16.8.06

AS COISAS QUE NÃO VEMOS

Não há remédio. Um tipo chega das férias, feliz e renovado, dá uma volta pelo mundo e logo esmorece. A Carla diz que a política estraga as pessoas, um amigo confessa-me que para onde quer que se volte só vê «facadas nas costas com um riso nos dentes», o “tom” dos weblogs de reverência cheira a sangue derramado. O Nuno, em nova toada melancómica, diz que tudo é ressentimento. O ressentimento, segundo informam as páginas amarelas da idade, dorme na mesma cama com a inveja em promíscua "ménage à trois" com a puta da vaidade. Vêm-me à memória versos de Nick Cave: «people just ain’t no good». Não sei se das pessoas, se do mundo, se dos outros, se de nós mesmos, se das más sementes, a verdade é que muitas vezes a culpa com que olhamos a vida parece querer virá-la do avesso. Fico-me pelos livros, pelas canções, pelos filmes, pela bola jogada em campos pelados, pelas praias onde os pescadores não vistam fatos de mergulho. Estou farto de gente que só tem certezas, a quem nada espanta e tudo contorna com a sabedoria da frase feita, do remate perfeito, da citação de pacotilha. Estou farto de gente para quem tudo é guerrilha, polémica, escaramuça. Na vacuidade dos debates, estrangeirismo-aqui-silabada-acolá, somos todos génios da palavra. Tudo será apenas isso se nada fizermos para que seja outra coisa. O primeiro álbum de Nick Cave & The Bad Seeds que adquiri tinha umas meninas angélicas, vestidas de branco, em torno de um piano de cauda. Abria com uma canção intitulada «Foi na Cruz». Por essa altura adquiri também um romance de Nick Cave, publicado em Portugal pela Editorial Estampa, com um título estranho: «E o Burro viu o Anjo…» Seremos nós burros à procura de um anjo que se veja? Fecho os olhos. Vejo mil burros cavalgando sobre o dentro da minha cabeça. Não vejo um único anjo. «You can see it everywhere you look / People just ain’t no good». Fecho os olhos. Vêm-me à memória palavras do romance de Nick Cave: «A clientela de Deus é pequena e seleccionada. O Diabo é que tem a pá.» Alguém que me explique uma coisa: qual o preço a pagar pelas coisas boas que não vemos? Quando foi a última vez que vimos um anjo, que o vimos de olhos fechados, com olhos de ver? Num verso de Rilke, talvez. Pouco mais. Às vezes é preciso arrumar a casa, limpar o pó das estantes, mudar de acento, espanejar as paredes, sacudir as almofadas. Às vezes é preciso desinfestar nos cantos mais insuspeitos a possibilidade de uma invasão. Talvez uma canção ajude.

4 Comments:

At 2:45 da tarde, Blogger manuel a. domingos said...
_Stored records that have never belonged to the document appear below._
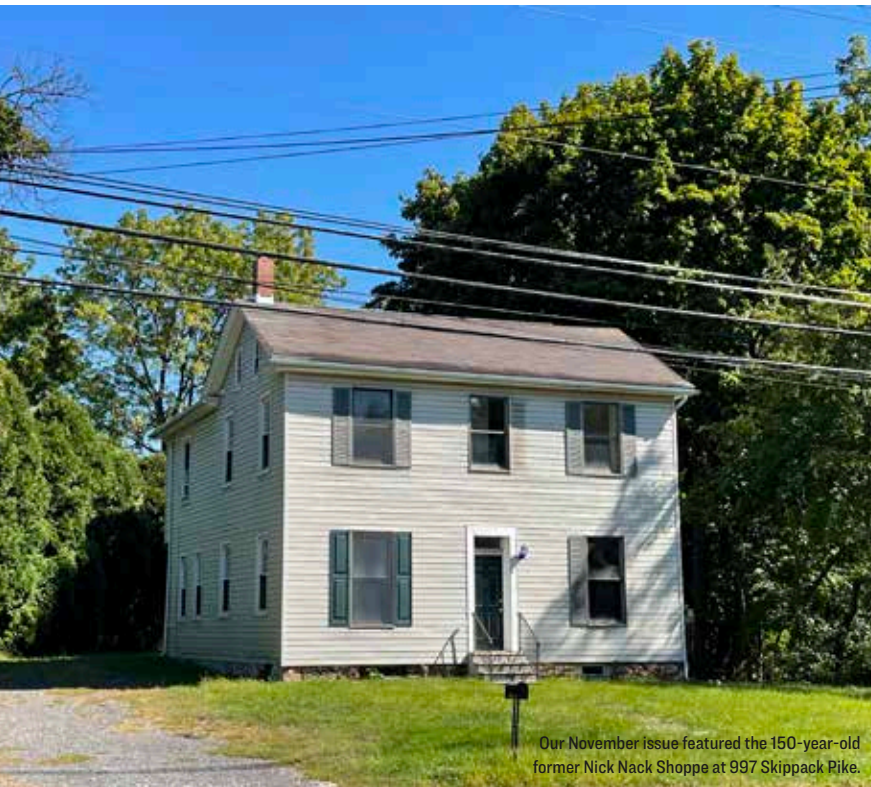
Our November issue featured the 150-year-old former Nick Nack Shoppe at 997 Skippack Pike.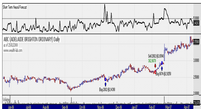
Figure 3 GMMA signals filtered with ANN

Of course the result will not always be that all whipsaws are removed. Rather, only whipsaws which are predictable using the ANN inputs will be removed.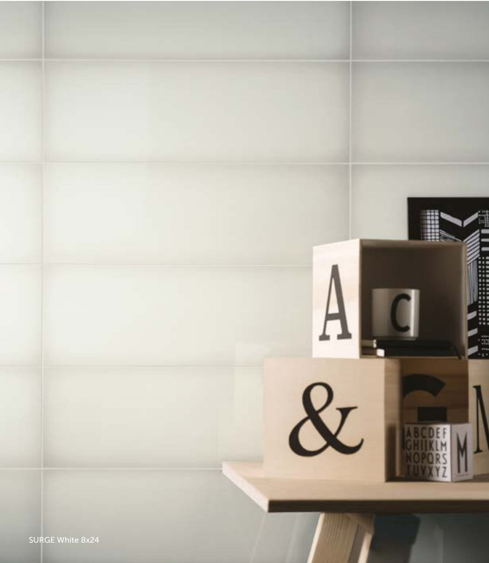
SURGE White 8x24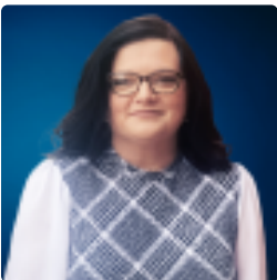
Summer Sweat Macon Universal Banker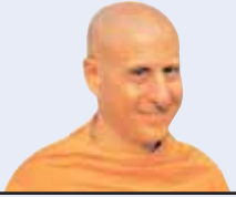
RADHANATH SWAMI MAHARAJ

Lord Krishna imparts invaluable guidance on leading a purposeful, spiritually enriched life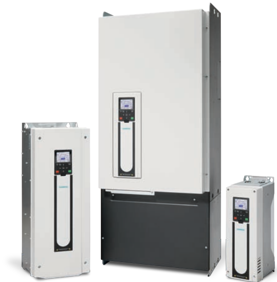
Migration kits based on frame size sold separately.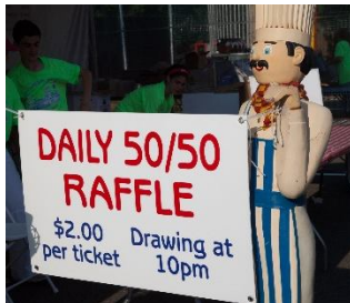
50/50 Cash Prizes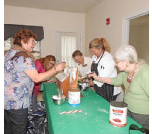
Painting the house with royal icing.

boa escolha. embora eu escolheria «loverman»

 
At 8:17 da tarde, Blogger Ísis Osíris said...

gostei tanto deste texto :)

 
At 10:53 da tarde, Blogger manuel a. domingos said...

é claro que uma música como «Fuck the People» dos The Kills também ficava a matar

 
At 8:11 da manhã, Blogger luis ene said...

quem é que dizia que os poetas eram anjos depenados?